See the photo in post #2 of this thread--that is not my bike. Coincidence? Having just read through the Colson Two Speed literature for '34 a Standard could also have tank, light, etc... the difference was in color/pattern and other equipment e.g. crossed braced bars for Deluxe vice un-braced bars for Standard. V/r Shawn


----------



## rustjunkie (Oct 23, 2017)

Perhaps someone saw this bike and then put a Wards tank on yours.
Check the front hub: not the "solid bar stock" hub as on DeLuxe models, but rather the standard hub "not turned from bar stock".


----------



## fordmike65 (Oct 23, 2017)

Yeah,I don't believe that silver Motorbike tank was original to that bike. I've seen it listed in catalogs as an aftermarket add-on. Nothing wrong with that.
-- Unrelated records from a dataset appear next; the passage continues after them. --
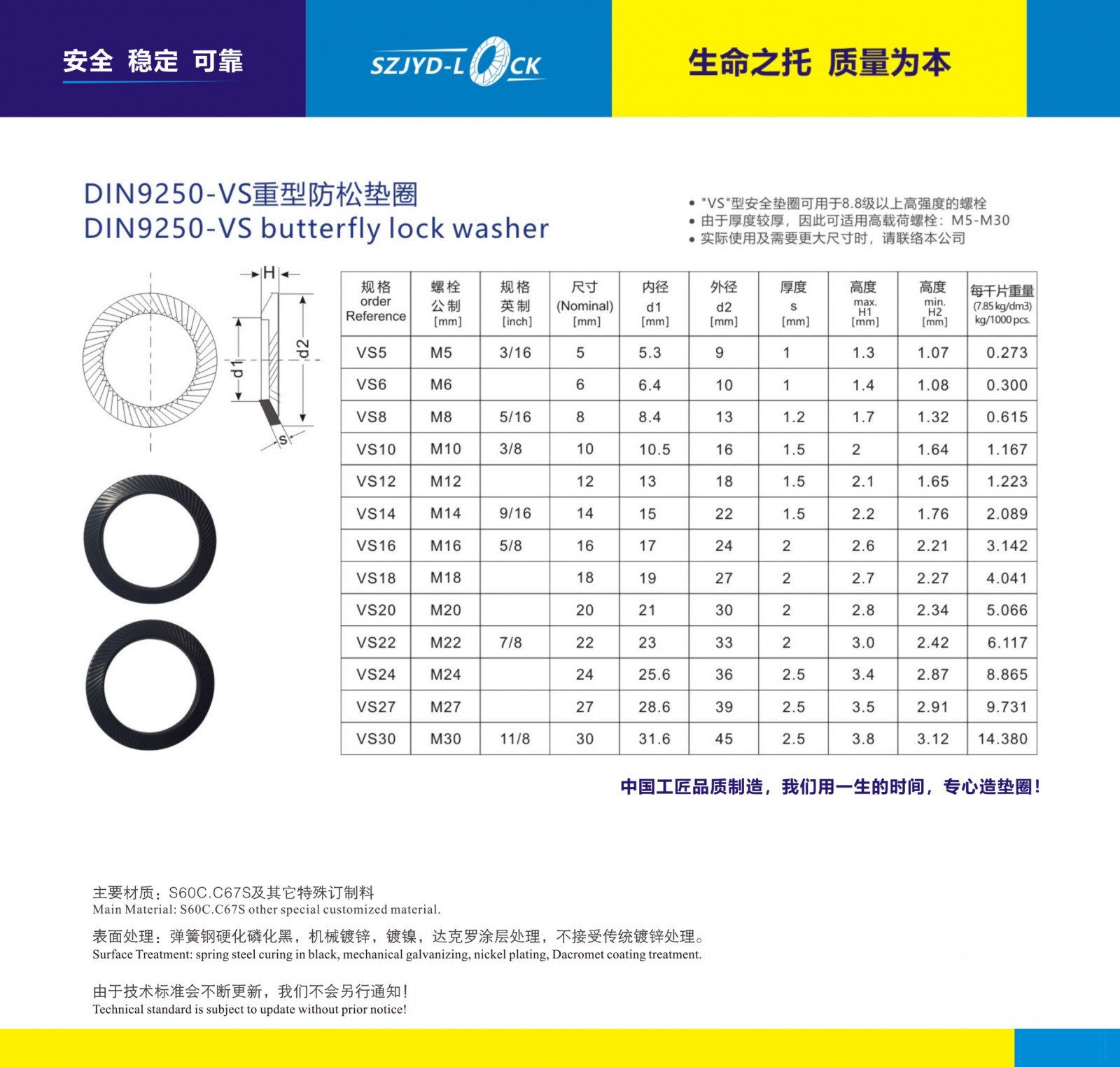 DIN9250防松墊圈、執(zhí)行德國標準、按螺栓的使用條件分為兩類:8.8級以下螺栓均選用S輕型安全防松墊圈、10.9級以上螺栓均先用VS重型安全墊圈系列、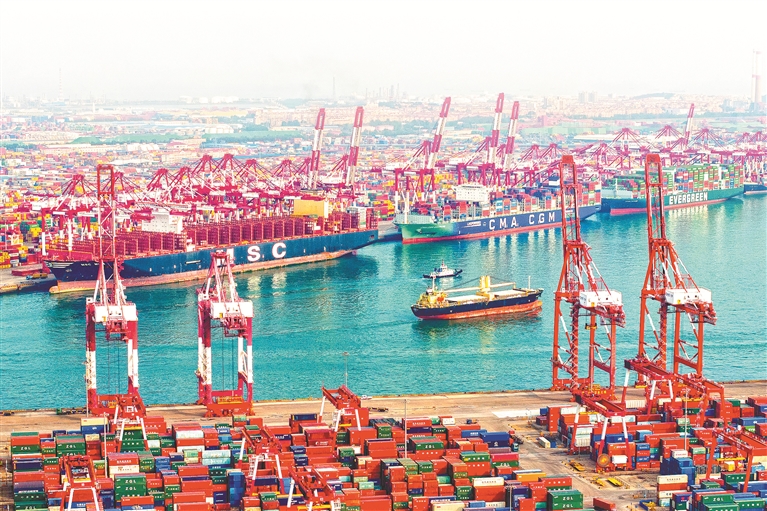 新时代以来,我国自由贸易试验区建设坚持在法治下推进改革,在改革中完善法治,进行了一系列制度创新。图为山东自贸试验区内的前湾港,码头前沿一派繁忙。图片来源:视觉中国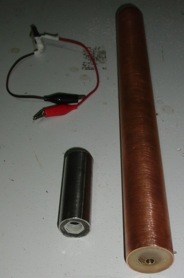 Here's the (roughly sanded) suppressor, chamber and ignitor setup: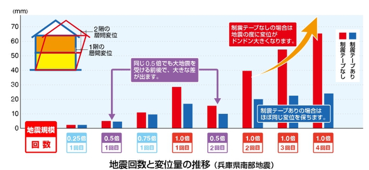 高層ビルの制震装置を木造住宅へ。制震テープは、高層ビルの制震装置に用いられている粘弾性体を、木造住宅用として両面テープ状に加工したもので、110年以上の高い耐久性を持っています。近年だけでも日本各地に多くの大地震が発生しています。日本中、いつ、どこで、大地震が起こるかわかりません。制震テープは地震エネルギーを吸収し、家全体をまるごと制振装置に変え、大地震時最大80%揺れを軽減します。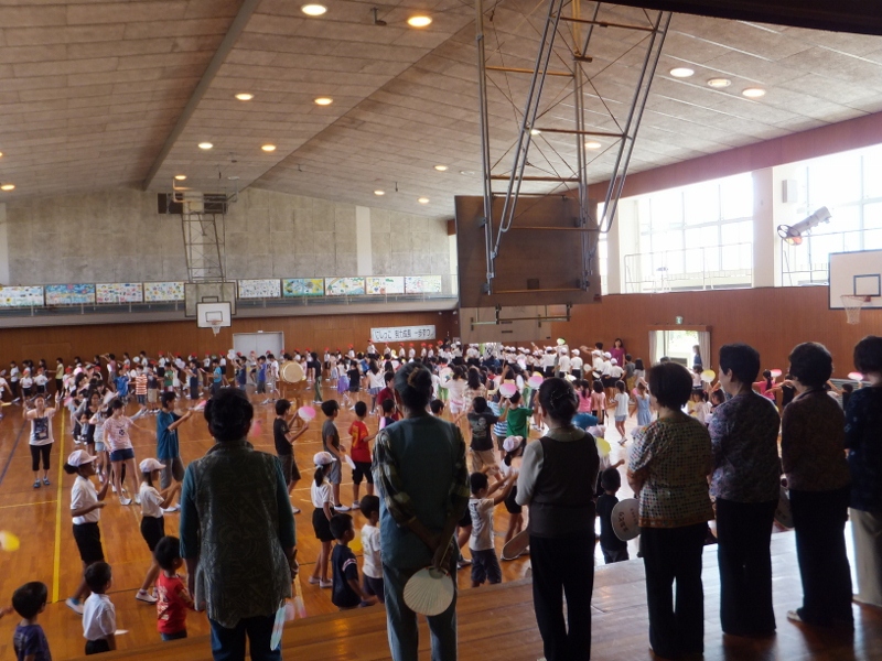 今年も運動会では、「地域ふれあい種目」として、地域の皆さんとともに『甚目寺小唄』を踊る予定です。この日は、甚目寺民踊クラブの皆さんをお招きし、子どもたちの練習の成果を見て、気をつけるとよい点を教えてもらいました。運動会当日は、昼食後の一番の種目として予定をしていますので、多くの皆さんにご参加いただけたらと思います。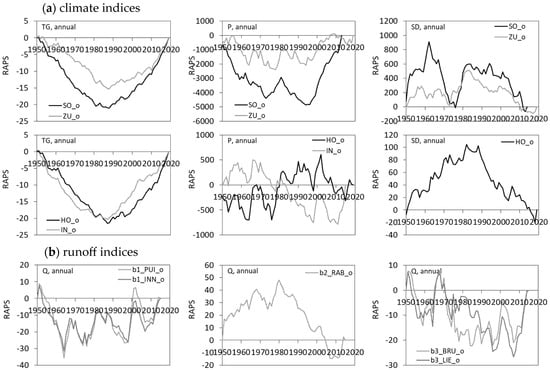 The following metrics were used to evaluate long-term variations in climate (TG, P, SD) and runoff (Q) indices: (i) 11-year moving averages, (ii) the slope of linear regression (LinT), and (iii) the trend significance using the non-parametric Mann–Kendall test [112,113]. The breakpoint in the trend was identified using the (iv) Rescaled Adjustment Partial Sums (RAPS) method, as the visualization approach can compensate for small systematic fluctuations in the record [114].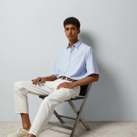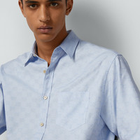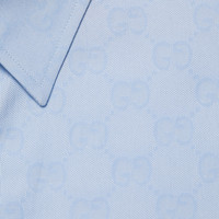 Welcoming warmer days, the men's Cruise 2024 collection presents sportier pieces with vibrant prints. The GG Supreme motif continues to lend an archival touch, while the subtle print exudes discreet modernity. This Oxford cotton shirt in light blue complements every occasion. - Light blue GG Supreme Oxford cotton - Point collar - Patch pocket - Short sleeves - Button closure - Length: 30.3", based on a size 15+ - Made in Italy - The product shown in this image is a size 15+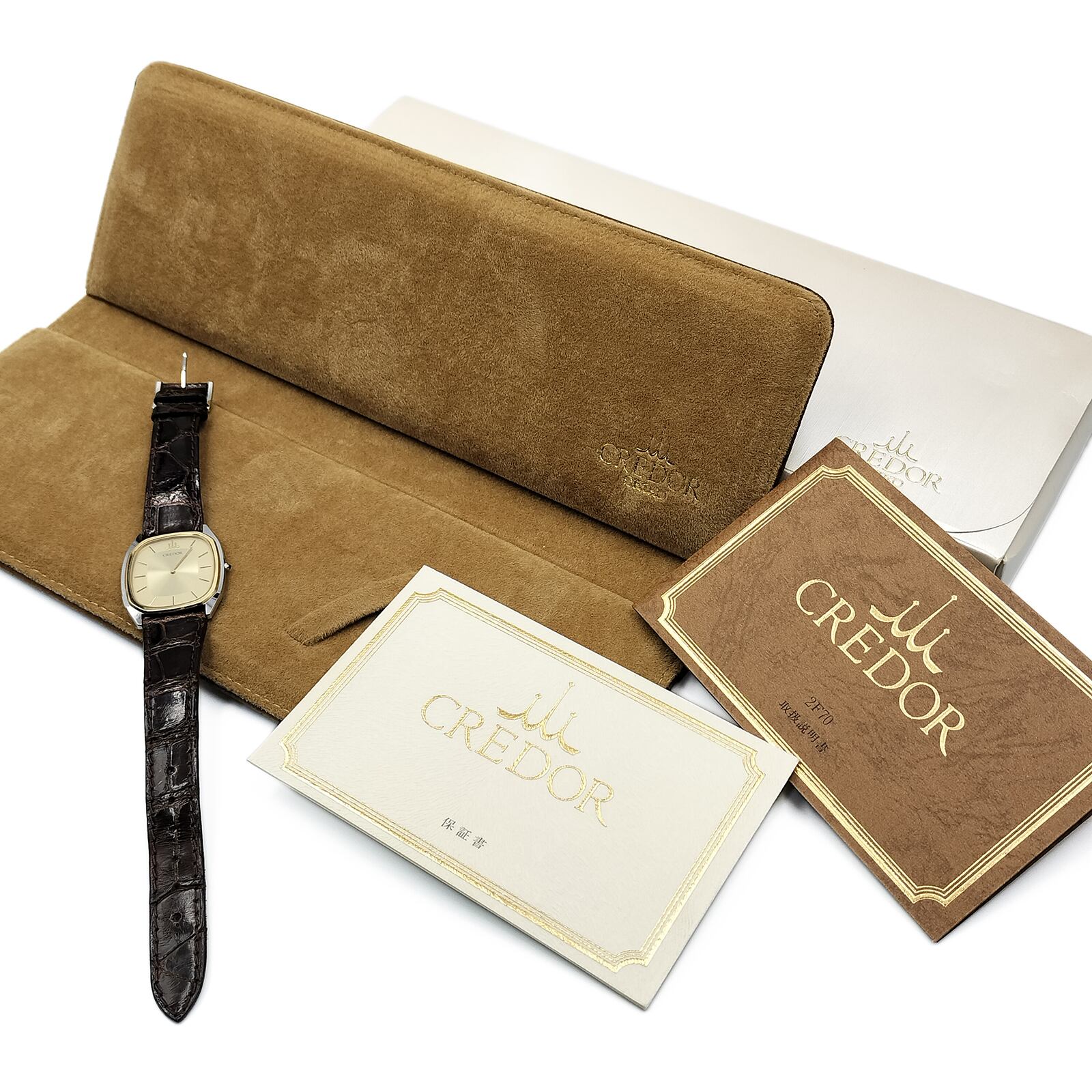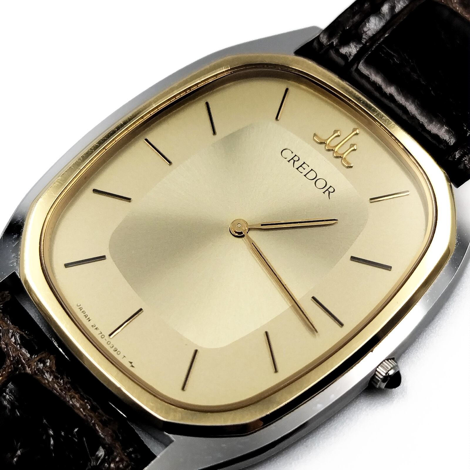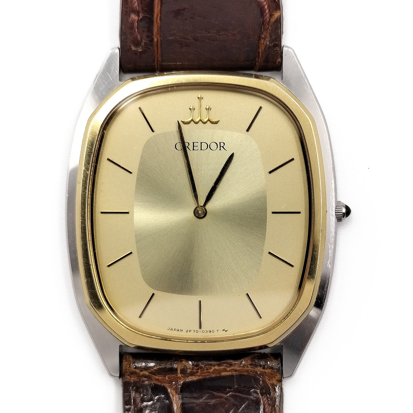 SEIKO セイコー 腕時計 クオーツ CREDOR クレドール レディース 2F70-5350 ドレスウォッチ ヴィンテージ 14金ゴールド 茶色 革ベルト X001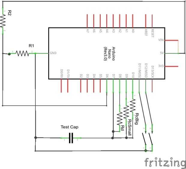 Ya que estaba bastante satisfecho con el algoritmo de medición decidí finalizar boceto mejora. En particular, quería ser capaz de trabajar con pequeñas y grandes resistencias Rc y alternar entre ellos automáticamente según el valor del condensador bajo prueba, para evitar la carga innecesaria del bosquejo. Otros cambios incluyen el ajuste automático 'capacitancia perdida' para ambos modos, mayores opciones de configuración del tablero (selección de pin, explicada en el paso siguiente) y una pantalla legible.
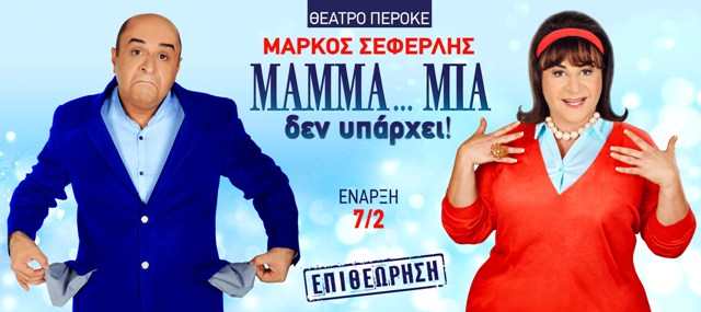 «ΜAMMA…MIA δεν υπάρχει» στην τσέπη, αλλά ευτυχώς υπάρχει πολλή διάθεση για σάτιρα και γέλιο μέχρι δακρύων -κι ας μην έχουμε μαντίλι να σκουπιστούμε- στη νέα επιθεώρηση του Μάρκου Σεφερλή στο θέατρο ΠΕΡΟΚΕ από την Παρασκευή 7 Φεβρουαρίου!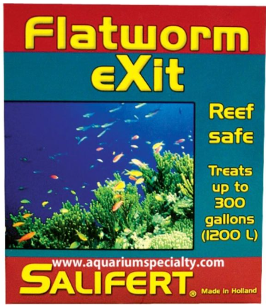 Salifert Flatworm Exit funciona en acuarios de arrecife con problemas de platelmintos. Estos pueden consumir corales y suelen encontrarse al introducir nuevos corales en el acuario. Al usar Flatworm Exit, es necesario seguir las instrucciones, ya que los platelmintos pueden producir una toxina en el acuario después del tratamiento. También podrían ser necesarios varios tratamientos. Salifert Flatworm Exit trata hasta 1200 L (300 galones) de agua.

Just didn't leave the Colson factory with it.


----------



## Freqman1 (Oct 23, 2017)

Heck I'm just happy to have the bike. If nothing else we've raised awareness of the model and maybe others will come forward so we can sort out what is, or isn't correct. V/r Shawn


----------



## fordmike65 (Oct 23, 2017)

Freqman1 said:


> Heck I'm just happy to have the bike. If nothing else we've raised awareness of the model and maybe others will come forward so we can sort out what is, or isn't correct. V/r Shawn



Who cares what's correct! It's a great bike! Now get it on the road & enjoy!


----------



## 47jchiggins (Oct 23, 2017)

rustjunkie said:


> View attachment 696724
> 
> Perhaps someone saw this bike and then put a Wards tank on yours.
> Check the front hub: not the "solid bar stock" hub as on DeLuxe models, but rather the standard hub "not turned from bar stock".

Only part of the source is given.